When the above code block is executed (in context) on the large dataset, it takes 3732.152 seconds, according to MATLAB's profiler, to make the full 25 iterations (I'm assuming it hasn't "converged" according to my criteria yet) for 150 clusters, but about 130 of them return NaNs (130 rows in mu_k).
Profiling will help, but the place to rework your code is to avoid the loop over the number of data points (for point = 1:size(data,1)). Vectorize that.
In your for iteration loop here is a quick partial example,
[nPoints,nDims] = size(data);
% Calculate all high-dimensional distances at once
kdiffs = bsxfun(#minus,data,permute(mu_k,[3 2 1])); % NxDx1 - 1xDxK => NxDxK
distances = sum(kdiffs.^2,2); % no need to do sqrt
distances = squeeze(distances); % Nx1xK => NxK
% Find closest cluster center for each point
[~,ik] = min(distances,[],2); % Nx1
% Calculate the new cluster centers (mean the data)

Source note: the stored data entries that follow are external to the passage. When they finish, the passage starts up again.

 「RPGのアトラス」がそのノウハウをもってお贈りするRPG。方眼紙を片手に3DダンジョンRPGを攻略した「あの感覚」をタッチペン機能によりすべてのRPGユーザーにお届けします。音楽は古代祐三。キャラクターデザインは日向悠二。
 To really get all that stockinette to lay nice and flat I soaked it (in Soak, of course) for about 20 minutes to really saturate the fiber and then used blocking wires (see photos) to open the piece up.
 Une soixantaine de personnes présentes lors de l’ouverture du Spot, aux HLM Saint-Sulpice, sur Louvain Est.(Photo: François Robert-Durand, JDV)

mu_k_new = zeros(c,nDims);
for i=1:c,
indk = ik==i;
clustersizes(i) = nnz(indk);
mu_k_new(i,:) = mean(data(indk,:))';
end
This isn't the only (or the best) way to do it, but it should be a decent example.
Some other comments:
Instead of using input, make this script into a function to efficiently handle input arguments.
If you want an easy way to specify a file, see uigetfile.

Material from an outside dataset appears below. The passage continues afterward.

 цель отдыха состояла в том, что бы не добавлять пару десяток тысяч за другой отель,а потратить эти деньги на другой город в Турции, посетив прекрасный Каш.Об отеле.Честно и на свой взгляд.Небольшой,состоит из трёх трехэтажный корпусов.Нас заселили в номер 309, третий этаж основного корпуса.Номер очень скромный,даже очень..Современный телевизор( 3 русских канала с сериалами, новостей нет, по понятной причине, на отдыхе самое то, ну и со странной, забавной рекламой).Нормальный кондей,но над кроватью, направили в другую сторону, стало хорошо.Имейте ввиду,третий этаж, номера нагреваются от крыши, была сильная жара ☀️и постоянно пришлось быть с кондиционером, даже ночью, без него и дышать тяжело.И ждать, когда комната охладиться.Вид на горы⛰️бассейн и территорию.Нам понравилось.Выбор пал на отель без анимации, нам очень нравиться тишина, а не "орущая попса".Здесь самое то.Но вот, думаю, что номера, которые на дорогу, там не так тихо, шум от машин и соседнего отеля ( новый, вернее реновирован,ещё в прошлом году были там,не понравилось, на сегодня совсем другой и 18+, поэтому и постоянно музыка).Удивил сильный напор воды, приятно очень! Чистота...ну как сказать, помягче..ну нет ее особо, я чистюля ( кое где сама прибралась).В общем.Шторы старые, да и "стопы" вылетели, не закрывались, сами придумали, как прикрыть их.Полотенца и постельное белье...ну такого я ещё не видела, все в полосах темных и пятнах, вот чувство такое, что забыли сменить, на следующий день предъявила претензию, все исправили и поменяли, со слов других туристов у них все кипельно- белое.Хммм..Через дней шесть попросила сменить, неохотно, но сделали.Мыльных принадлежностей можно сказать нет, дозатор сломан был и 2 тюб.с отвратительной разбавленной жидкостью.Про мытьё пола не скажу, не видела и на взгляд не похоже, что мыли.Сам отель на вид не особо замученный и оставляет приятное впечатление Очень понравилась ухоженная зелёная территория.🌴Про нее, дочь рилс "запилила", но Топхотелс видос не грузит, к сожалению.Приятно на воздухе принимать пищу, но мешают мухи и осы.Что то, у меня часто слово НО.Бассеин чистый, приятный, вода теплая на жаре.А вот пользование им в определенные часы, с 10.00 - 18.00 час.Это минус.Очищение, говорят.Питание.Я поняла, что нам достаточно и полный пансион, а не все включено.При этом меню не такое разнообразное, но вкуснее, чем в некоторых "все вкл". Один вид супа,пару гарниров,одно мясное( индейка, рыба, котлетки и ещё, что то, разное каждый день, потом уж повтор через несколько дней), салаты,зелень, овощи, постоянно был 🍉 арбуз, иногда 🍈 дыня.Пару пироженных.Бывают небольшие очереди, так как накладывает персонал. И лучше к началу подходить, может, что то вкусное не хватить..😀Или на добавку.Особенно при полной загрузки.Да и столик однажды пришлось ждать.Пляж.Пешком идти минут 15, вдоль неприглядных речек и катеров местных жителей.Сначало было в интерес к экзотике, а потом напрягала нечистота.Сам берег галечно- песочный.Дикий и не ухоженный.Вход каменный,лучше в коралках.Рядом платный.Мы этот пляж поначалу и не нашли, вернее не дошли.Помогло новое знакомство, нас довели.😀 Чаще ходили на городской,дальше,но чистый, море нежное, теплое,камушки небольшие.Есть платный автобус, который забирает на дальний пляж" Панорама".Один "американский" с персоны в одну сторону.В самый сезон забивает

With many MATLAB functions, such as max, min, sum, mean, etc., you can specify a dimension over which the function should operate. This way you an run it on a matrix and compute values for multiple conditions/dimensions at the same time.
Once you get decent performance, consider iterating longer, specifically until the centers no longer change or the number of samples that change clusters becomes small.
The cluster with the smallest distance for each point, ik, will be the same with squared Euclidean distance.